What do you remember most about shooting this show?
The horrible heat that forced me to stop filming in the middle of a scene – in order to wipe down the actors so they could continue!

Tell us about your relationship with Patrick Huard, who plays the main character.
Patrick and I developed a very effective M.O. I really believe in meetings of the mind on the set, and ours was a great encounter, artistically and personally. We tuned in very quickly and it felt like we were delving into unexplored territory with Ludovic’s character, which is the mark of a truly powerful collaboration between actor and director.

Did filming a series intended for binge-viewing on Club illico change your directorial approach?
Whether it’s for television, the web or the theatres, my job is to tell a story with my camera. Regardless of the medium. The only difference may be that theoretically, movie theatres have a captive audience that allows you to tell the story a bit differently. But this argument doesn’t really hold anymore, since most movies are now watched on multiple platforms.

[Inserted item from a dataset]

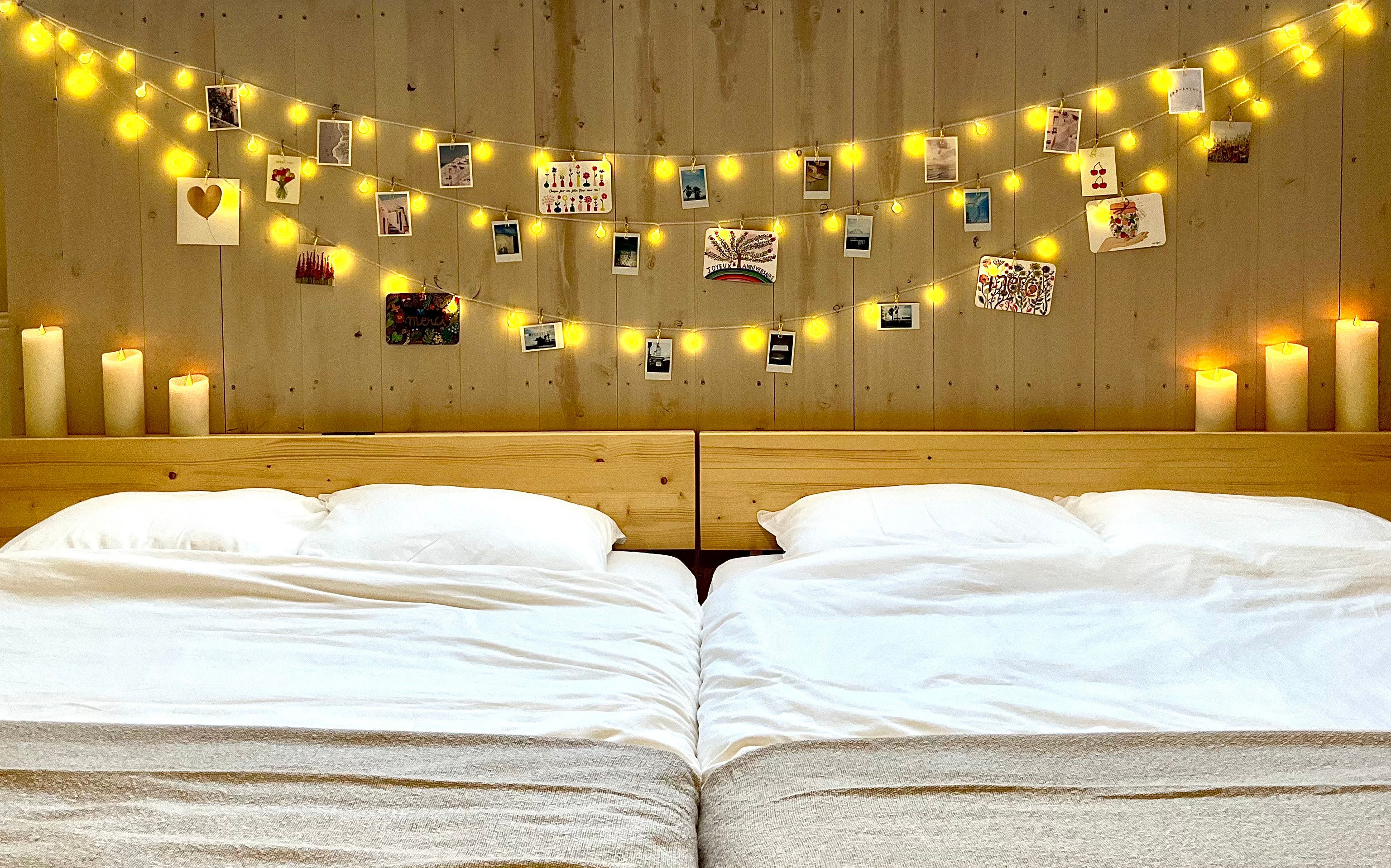 …ベッドボードにはチェキを飾れる、キャンドルライトが幻想的な“映えスポット”をご用意

What do you hope viewers at home will take away from the show?
We don’t make any judgements or give any easy answers about the operation of the justice system. We provide a window on the painful world of characters who have lost a loved one and have to cope with the grief. This leads to situations where the love between family members—in a family that was quite fractured—is renewed and brought back to the surface. So in the most terrible tragedies you can sometimes find an unexpected ray of light.